*Available data*.
-=-=-=-=-
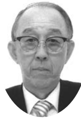
公益社団法人名古屋市食品衛生協会会長 名古屋市食品国民健康保険組合理事長
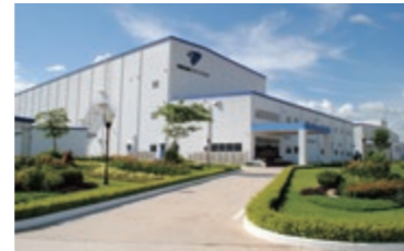
22 RIKEN VIETNAM CO., LTD. **
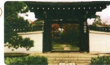
一休和尚ゆかりの寺院 祥瑞寺
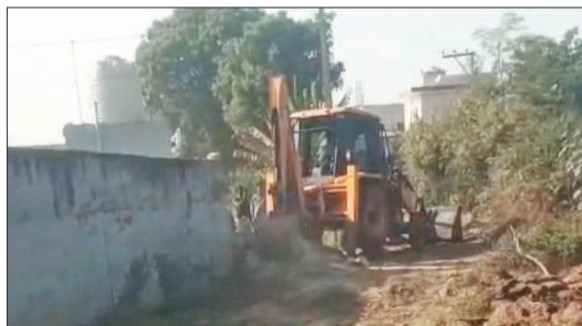
रेवाड़ी। औलांत में कच्चे हटाती जेसीबी, कच्चे हटाने की कार्रवाई के दौरान जमा लोग।

है। उन्होंने बताया कि रैन बसेरे में एक कर्मचारी भी नियुक्त किया गया है। रैन बसेरे में आश्रम लेने के लिए कर्मचारी धनसिंह के मोबाईल नंबर 9050112727 पर संपर्क कर सकते हैं।
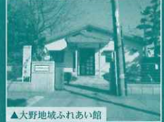
▲大野地域ふれあい館
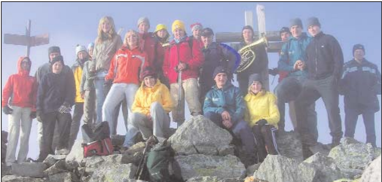
Aufstieg zum Regenstein und beim Gipfelkreuz

Um 13:00 Uhr konnte das Almfest bei der „Leiter Kaser“ im Winkeltal beginnen. Schon am Tag zuvor trafen die Burschen von der Landjugend intensive Vorbereitungen zu diesem Fest. Die größte Herausforderung bestand darin, ein „gerades Stück Villgraten“ zu bauen, denn die aufblasbare Hupfburg brauchte einen ebenso waagrechten Boden wie der Untergrund fürs Bierkistensteigen.
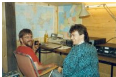
😞 15.8.1988 Eine Distel in der Contest-Hütte deutet auf Flaute hin (Bild 10)
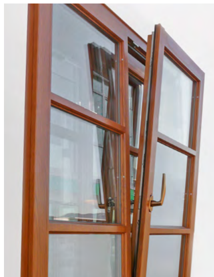
Notranja stran dvokrilnega škatlastega okna odprtega na kip
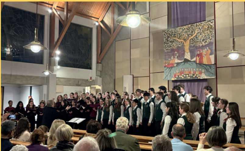
Mädchenkantorei Basel & HIB.art.chor | St. Paul
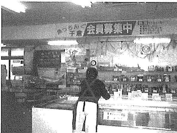
魚っちんぐ千倉店内
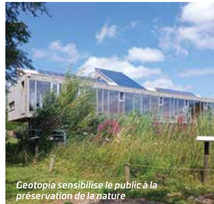
Geotopia sensibilise le public à la préservation de la nature

📞 Contact : 03 21 61 60 06, geotopia@bethunebruay.fr Programmation sur bethunebruay.fr/ geotopia et sur Geotopia
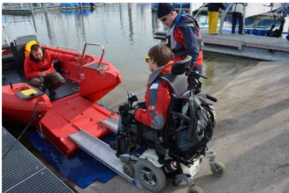
Über Rampen können Elektrorollstühle auf das neue Motorboot gelangen.

Dank der grosszügigen Unterstützung der Stiftung SYMPHASIS, der MBF Foundation Triesen und des Sportamts Thurgau kann Sailability.ch im Jahr 2018 eines der beiden Motor-Begleiteboote ersetzen. Zusammen mit dem Bootsbauer Christoph Wirth von der Wirth Freizeit AG, Arbon, wird der Verein das neue Boot so ausrüsten, dass in Zukunft der Transport von Elektrorollstühlen sicher möglich sein wird. Das Team von Sailability.ch freut sich auf den Neuworb und wird zu einem späteren Zeitpunkt das Boot ausführlich vorstellen.
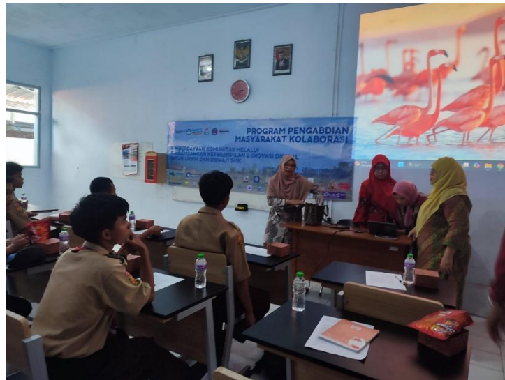
Gambar 4. Kegiatan Praktek
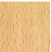
Hêtre naturel verniss 350
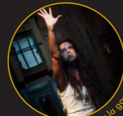
Teatro por la gorra
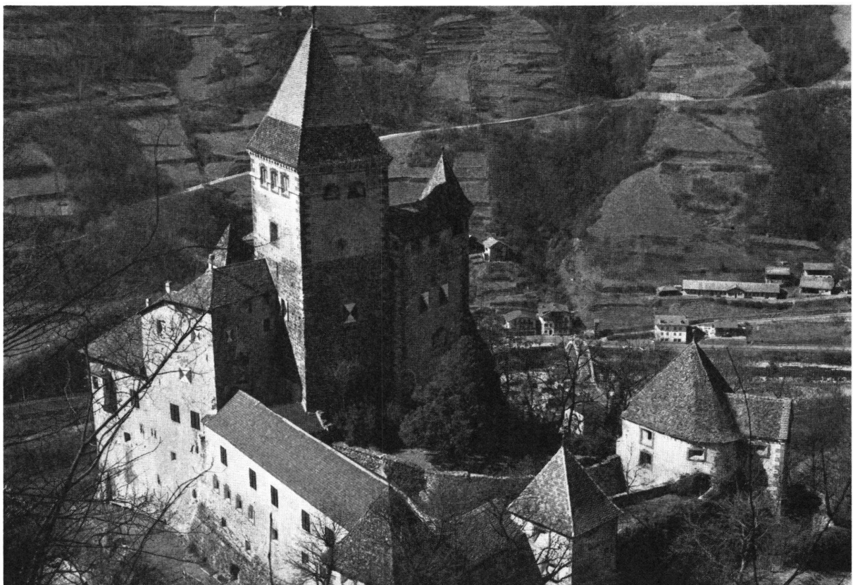
Die Trostburg wurde um 1600 in eine moderne Festung umgewandelt, die den Feuerwaffen standhalten sollte. Erst im Zweiten Weltkrieg richteten Kanonenschüsse und auch Einquartierungen Schaden an. Die Burg war mehr als 600 Jahre im Besitz der Familie Wolkenstein, deren bekanntester Vertreter wohl der Minnesänger Oswald von Wolkenstein war. Die Grafen entschlossen sich 1970, ihr Stammschloss dem Südtiroler Burgenverein abzutreten.
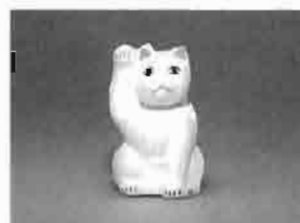
招き猫 鴻巣市教育委員会蔵
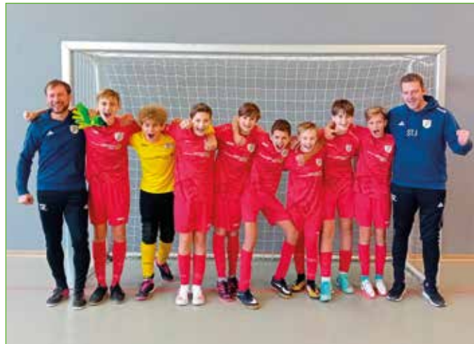
Die U15-Mannschaft gewinnt den Futsal-Cup in Bad Mitterndorf
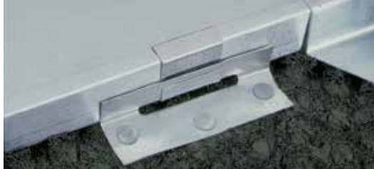
Umożliwia przesuwanie się brytów.
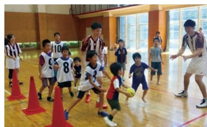
ハンドボール教室（ハンドボール部）
-=-=-=-=-
*The task*.
Transcribe each entry precisely as given, leaving the pictures out.

*Completed exercise*.
公益社団法人名古屋市食品衛生協会会長 名古屋市食品国民健康保険組合理事長
22 RIKEN VIETNAM CO., LTD. **
一休和尚ゆかりの寺院 祥瑞寺
रेवाड़ी। औलांत में कच्चे हटाती जेसीबी, कच्चे हटाने की कार्रवाई के दौरान जमा लोग।

है। उन्होंने बताया कि रैन बसेरे में एक कर्मचारी भी नियुक्त किया गया है। रैन बसेरे में आश्रम लेने के लिए कर्मचारी धनसिंह के मोबाईल नंबर 9050112727 पर संपर्क कर सकते हैं।
▲大野地域ふれあい館
Aufstieg zum Regenstein und beim Gipfelkreuz

Um 13:00 Uhr konnte das Almfest bei der „Leiter Kaser“ im Winkeltal beginnen. Schon am Tag zuvor trafen die Burschen von der Landjugend intensive Vorbereitungen zu diesem Fest. Die größte Herausforderung bestand darin, ein „gerades Stück Villgraten“ zu bauen, denn die aufblasbare Hupfburg brauchte einen ebenso waagrechten Boden wie der Untergrund fürs Bierkistensteigen.
😞 15.8.1988 Eine Distel in der Contest-Hütte deutet auf Flaute hin (Bild 10)
Notranja stran dvokrilnega škatlastega okna odprtega na kip
Mädchenkantorei Basel & HIB.art.chor | St. Paul
魚っちんぐ千倉店内
Geotopia sensibilise le public à la préservation de la nature

📞 Contact : 03 21 61 60 06, geotopia@bethunebruay.fr Programmation sur bethunebruay.fr/ geotopia et sur Geotopia
Über Rampen können Elektrorollstühle auf das neue Motorboot gelangen.

Dank der grosszügigen Unterstützung der Stiftung SYMPHASIS, der MBF Foundation Triesen und des Sportamts Thurgau kann Sailability.ch im Jahr 2018 eines der beiden Motor-Begleiteboote ersetzen. Zusammen mit dem Bootsbauer Christoph Wirth von der Wirth Freizeit AG, Arbon, wird der Verein das neue Boot so ausrüsten, dass in Zukunft der Transport von Elektrorollstühlen sicher möglich sein wird. Das Team von Sailability.ch freut sich auf den Neuworb und wird zu einem späteren Zeitpunkt das Boot ausführlich vorstellen.
Gambar 4. Kegiatan Praktek
Hêtre naturel verniss 350
Teatro por la gorra
Die Trostburg wurde um 1600 in eine moderne Festung umgewandelt, die den Feuerwaffen standhalten sollte. Erst im Zweiten Weltkrieg richteten Kanonenschüsse und auch Einquartierungen Schaden an. Die Burg war mehr als 600 Jahre im Besitz der Familie Wolkenstein, deren bekanntester Vertreter wohl der Minnesänger Oswald von Wolkenstein war. Die Grafen entschlossen sich 1970, ihr Stammschloss dem Südtiroler Burgenverein abzutreten.
招き猫 鴻巣市教育委員会蔵
Die U15-Mannschaft gewinnt den Futsal-Cup in Bad Mitterndorf
Umożliwia przesuwanie się brytów.
ハンドボール教室（ハンドボール部）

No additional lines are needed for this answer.